In September 1935 the Nuremberg Laws deprived Germans with Jewish blood of citizenship; forbade under pain of death marriages between Ayrians and Jews and forced Jews to wear a yellow patch in the form of a star on their clothes. Jewish music was barred and brilliant Jewish musicians were not permitted to perform.
Many Jews went into exile, including theatre and cinema and cinema producers such as Max Reinhart, scientists such as Einstein, writers, and university teachers.
On 7 November 1938, a German Jewish refugee killed a member of the German Embassy in Paris. In reprisal, the Nazi government organized a mass attack on German Jews, synagogues, businesses, and homes were destroyed. During this Crystal Night, thousands of windows were smashed in Jewish property, and 200 synagogues destroyed.

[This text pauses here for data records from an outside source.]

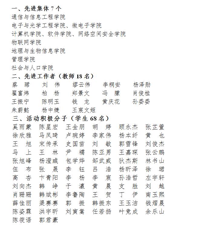 南京邮电大学校园治安综合治理工作领导小组 2018年6月29日 附件: 第五届“学生安全教育月”活动先进集体、先进工作者和活动积极分子名单 |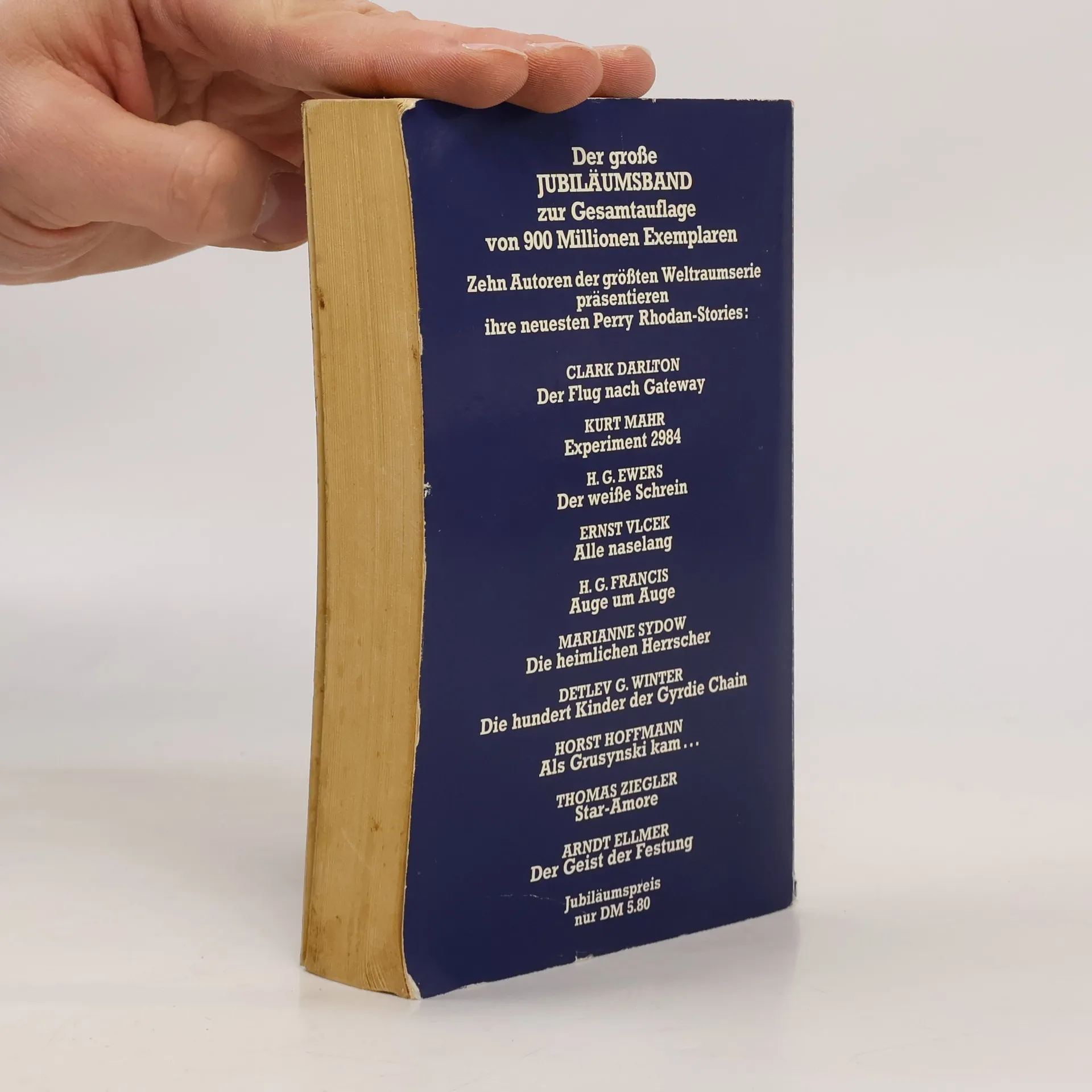 Der große Jubiläumsband zur Gesamtauflage von 900 Millionen ExemplareZehn Autoren der größten Weltraumserie präsentieren ihre neuesten Perry Rhodan-Stories:Enthält die Texte:Vorbemerkungen G.M. SchelwokatDer Flug nach Gateway Clark Darlton Experiment 2984 Kurt MahrDer weiße Schrein H. G. Ewers Alle naselang Ernst VlcekAuge in Auge H. G. FrancisDie heimlichen Herrscher Marianne SydowDie hundert Kinder der Gyrdie Chain Detlev G. WinterAls Grusynski kam Horst Hoffmann Star-Amore Thomas ZieglerDer Geist der Festung Arndt Ellmer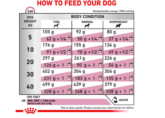 ROYAL CANIN® Renal is scientifically formulated to support renal function in cases of chronic kidney disease. Recommendations: It is recommended that a veterinarian’s opinion be sought before use or before extending the period of use. Initially feed Renal dry for up to 6 months in cases of chronic renal insufficiency. Recommended in cases of: Azotemic Chronic Kidney Disease (IRIS stage 2 to stage 4), Chronic Kidney Disease with proteinuria (IRIS stage 1 to 4). Not recommended in case of: growth, gestation and lactation. This diet is complete and balanced and can be fed long-term. A full health check should be performed by a veterinarian every 6 months.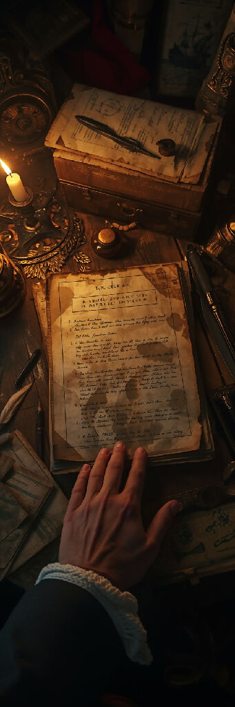 A 1700s wooden desk lit by candlelight inside a naval office. Maps, quills, and ink pots scatter the surface. In the center, a stack of weathered reports lies open — handwritten accounts describing a ghostly ship seen at sea. One parchment reads: “A vessel glowing red in the storm… vanished into mist.” An officer’s hand hovers above the documents, as if deciding whether to believe these strange reports. Photorealistic, cinematic, eerie atmosphere.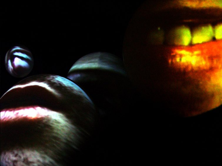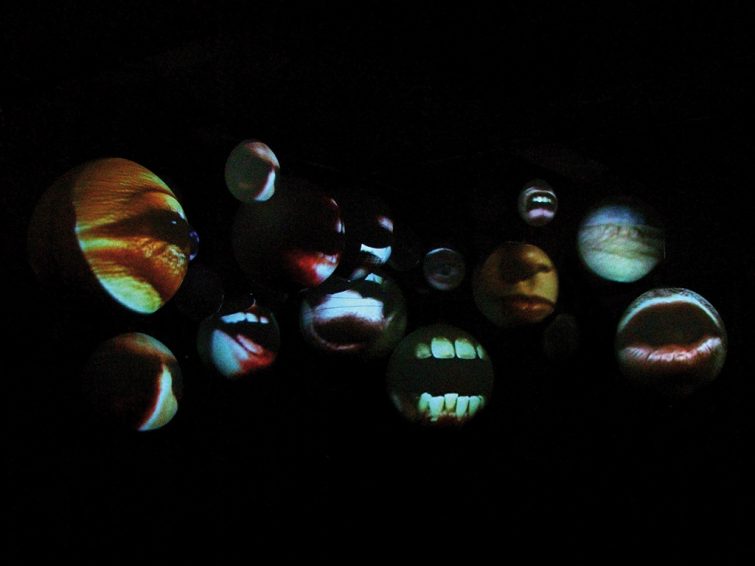 A space filled with numerous huge white balloons that surround you, gathering in a dark room. Oversized parts of human bodies are projected onto the roundly sculptured screens which deform them into bizarre fleshly mimics. Big mouths are screaming, shouting, whistling, kissing, groaning, moaning, whispering, crying, quivering. Eyes are crying, laughing, twinkling, wincing….
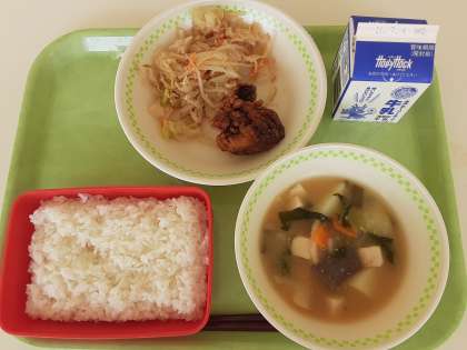 ごはん 牛乳 鶏肉の梅風味揚げ 実だくさん汁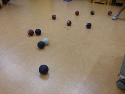 各校の代表あいさつのあと、グループに分かれて「ボッチャ」をしました。「ボッチャ(今回のルール)」は、赤・青の自球を転がして、白球(目標球)に自分たちのボールをいかに近づけるかを競うゲームです。小学部の皆さんとチームを作り、力を合わせて頑張りました。交流会を終えるころには「とても楽しかった」「また小学部の皆さんと遊びたい」と感想を話していました。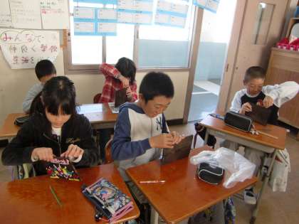 山の家で作った焼き杉板に,ヒートンを付けてひもを通しました。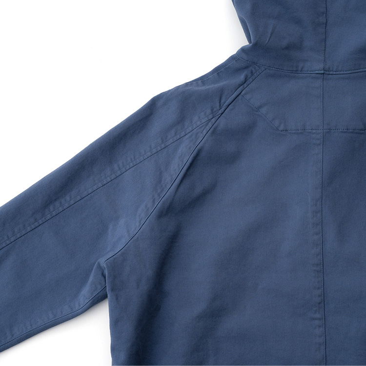 肩はラグランスリーブで動かしやすく。ジャケットを着ても肩が合わないことがなく、自然な羽織り感を生む。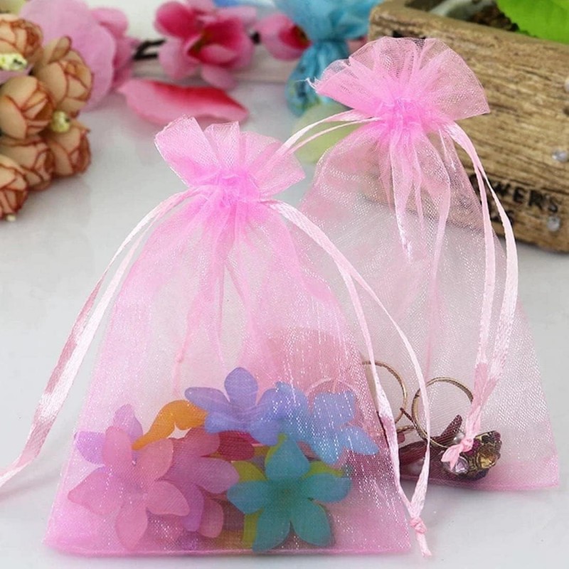 Las bolsas de organza con cintas son pequeñas y exquisitas. Se puede usar para almacenar sus joyas u otras cosas pequeñas.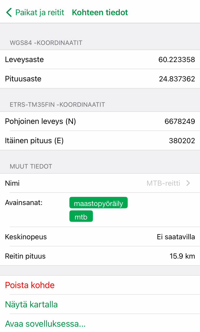 - Reitin lähtöpisteen koordinaateista (WGS84 & ETRS-TM35FIN)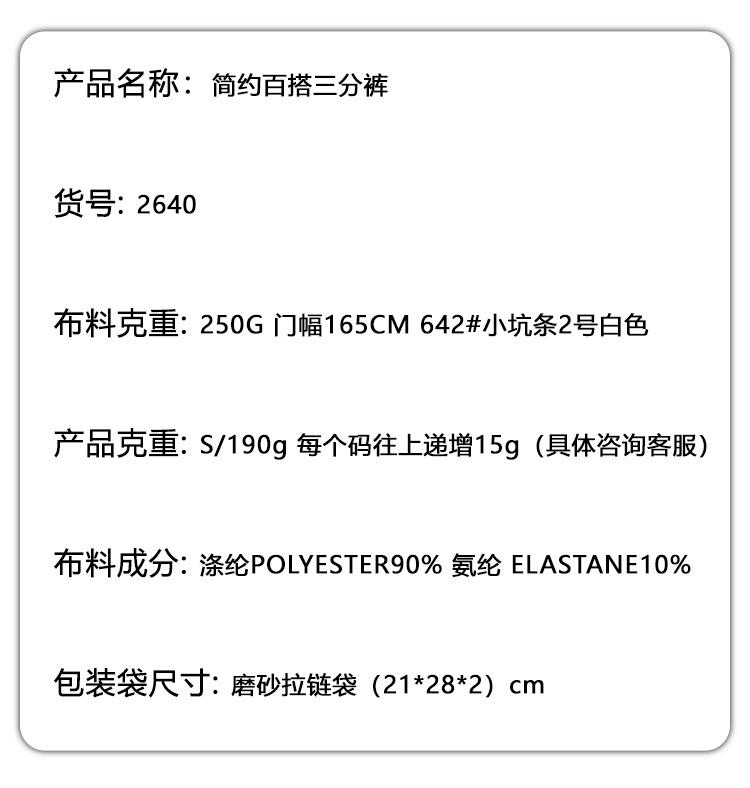 S 2640 simple and versatile three-quarter pants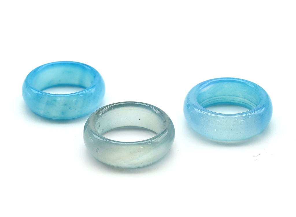 • Кольцо из цельного камня агата цв.голубой Радуга камня

Thirty-five Jews were killed; about 20,000 were arrested for ‘resisting the forces’.
The final solution to the ‘Jewish problem’ was ordered in 1942 as Hitler decreed the killing of all Jews throughout Europe by mass executions in specially designed gas chambers.
Aftermath
After the war, when the world witnessed the horrors of Auschwitz, anti-Semitism became far less accepted. Seeing what it could lead to made people and nations ashamed of openly expressing anti-Semitism. In the case of the Catholic Church, it would eventually lead to real change when in the 1960s, the Church removed the historic charge against the Jewish people of being responsible for the death of Christ.
Holocaust Memorial Day is held not only to remember the millions of victims of the Holocaust but also those who have been killed in other genocides around the world. In Cambodia, Rwanda, Bosnia and Darfur millions of people have been killed because of who they were. This day highlights how important it is to tolerate other peoples’ beliefs and differences and not to exclude them or spread messages of hate.